Image by Wolfgang Rottmann on Unsplash
If I told you your company’s newest employee could leak private data, recommend fake books, or reject job applicants just because they’re older—without ever knowing it did anything wrong—you’d probably panic.
But that’s exactly what’s happening when organizations roll out generative AI tools without proper onboarding.
I’ve been watching this shift closely, and here’s the truth: Generative AI systems like large language models (LLMs) aren’t just “smart tools.” They’re dynamic, unpredictable, and—if left unsupervised—capable of messing things up in ways traditional software never could.

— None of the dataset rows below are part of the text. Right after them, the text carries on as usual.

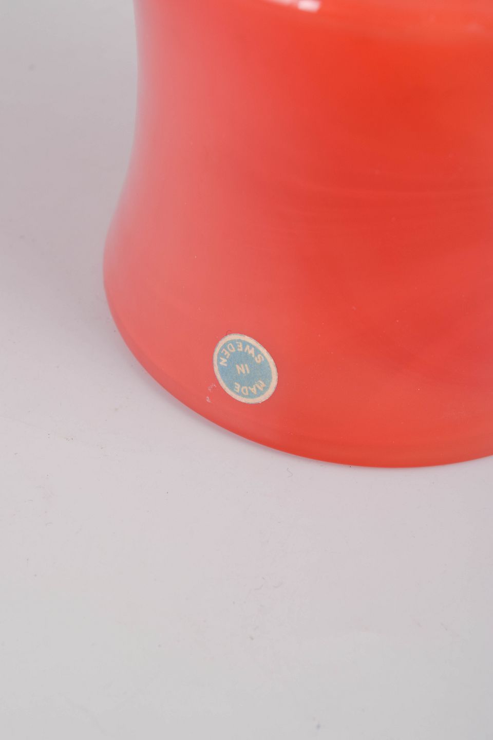 Mouth-blown vase in vivid orange glass with an elegant cylindrical body and flared neck. A fine example of 1970s Swedish glass design, combining strong colour and sculptural form in a distinctive period expression.
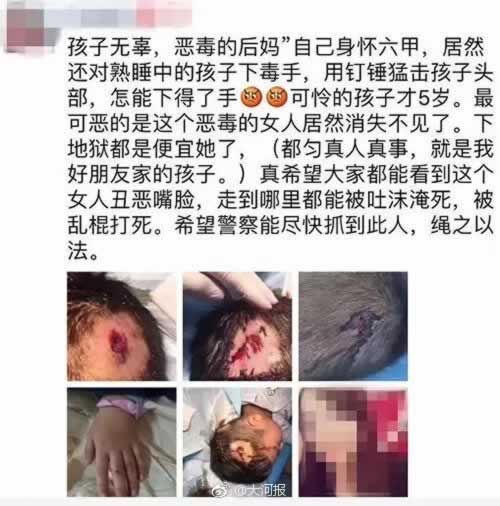据了解,这个女子,也就是孩子的继母在早上凌晨4点多的时候,孩子还正在睡梦中的时候,继母就拿着小榔头用力敲击孩子的头部,致男童的头上多处受伤,当孩子痛得要哭的时候,继母告诉他“不准哭”,就这样小男孩被继母吓得没有哭,在血泊中躺了两个小时,还是冯先生早上七点多的时候才发现孩子的床上到处是血的,然后把孩子紧急送进了医院,目前孩子还在医院接受治疗,那个继母也已经被警方控制住了。
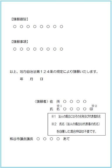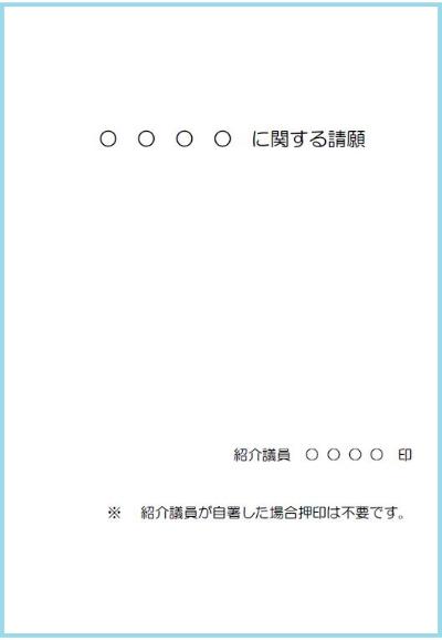 陳情書には、紹介議員は必要ありません。記載事項は請願書と同じです。書式例を以下にお示しします。
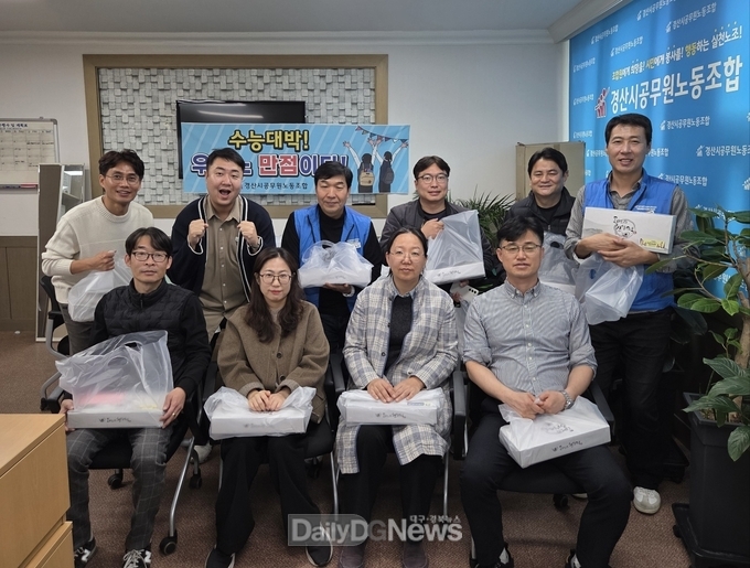 (데일리대구경북뉴스=황지현 기자)경산시공무원노동조합(위원장 이상현)은 11월 7일 수험생 자녀가 있는 조합원 40여 명에게 “수능 합격 기원 찹쌀떡”과 함께 응원의 메시지를 전달했다.
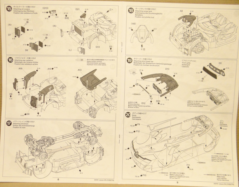Приветствую Вас уважаемые Коропчане. Представляю Вашему вниманию творение фирмы TAMIYAавтомобиль LEXUSLFA. В коробке имеется понятная и подробная инструкция по сборке модели, сам, собственно, салон, 5 литников чёрного и серого цвета,2 литника хром, травление, один литник с прозрачными деталями, листочек с декалями и маской, ну и разноразмерная резина. Всё это дело запаяно в пакетики и аккуратно уложено. Данный набор нам предлагает праворукий вариант, к сожалению, но зато высоко продетализированный двигатель, выхлопную систему и ходовую часть. При облоя и следов от толкателей не обнаружено, нет, они есть, но маненько-маненько :) не смертельно . В целом набор очень качественный и интересный. Всем спасибо за внимание. Приятного просмотра.
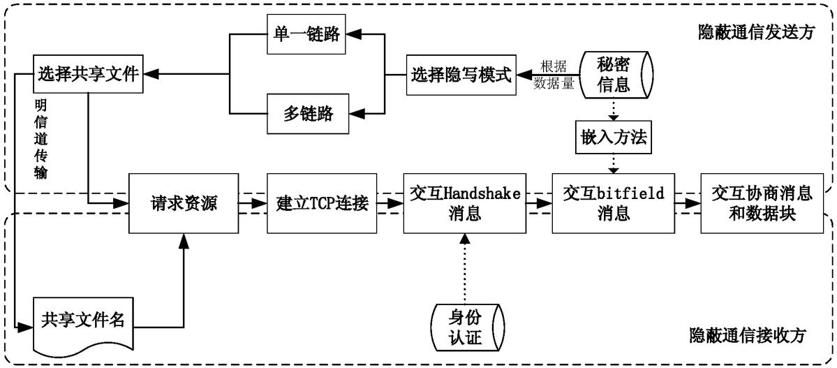进一步,所述步骤S2,通过明信道传递共享文件的关键信息的方法包括:隐蔽通信发送方通过明信道向隐蔽通信接收方传递共享文件的关键信息。进一步,所述步骤S3,通过相应Peer节点建立TCP链接的方法包括:
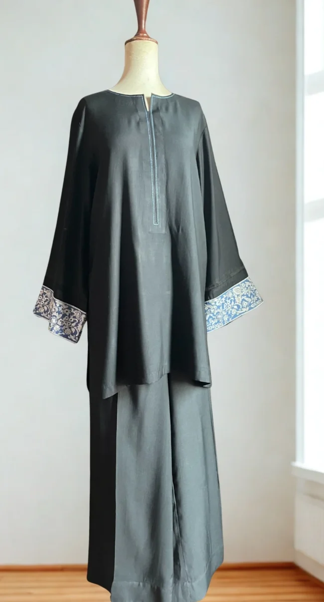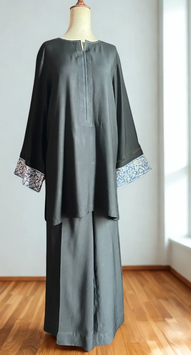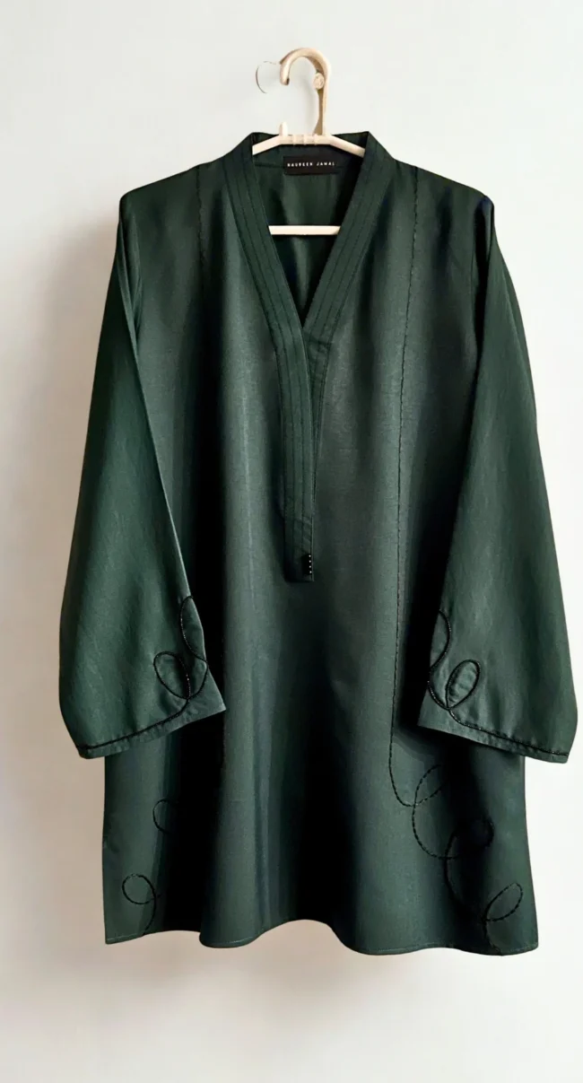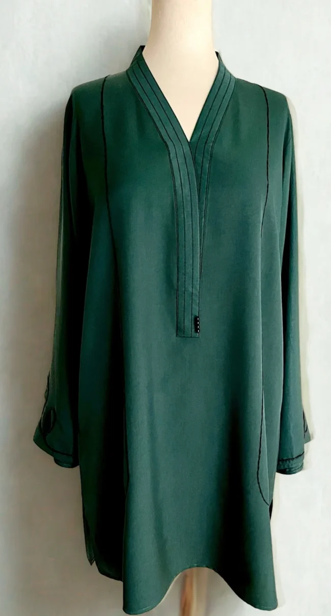 A Matte Twill fabric tailored to perfection with its stitching details around the neckline with pleat and loops, along with pintec details around the cuff.

And yet, many companies are putting these systems to work without ever training them on company policies, legal boundaries, or even the right tone of voice for customer service. That’s not just lazy—it’s dangerous.
AI is everywhere now. But onboarding? Not so much.
In just a year, nearly a third of businesses have dramatically ramped up their use of generative AI. It’s not just another tech experiment anymore. We’re talking real deployments inside CRMs, customer support centers, and core business analytics.
But here’s the scary part: about 1 in 3 companies haven’t added any meaningful AI risk controls.
Think about that. We’re unleashing probabilistic systems—tools that can guess, drift, and, yes, hallucinate—with no safety net. Unlike hard-coded apps, generative AI adapts on the fly. That’s super powerful, but it also means things can go off the rails fast if you’re not watching.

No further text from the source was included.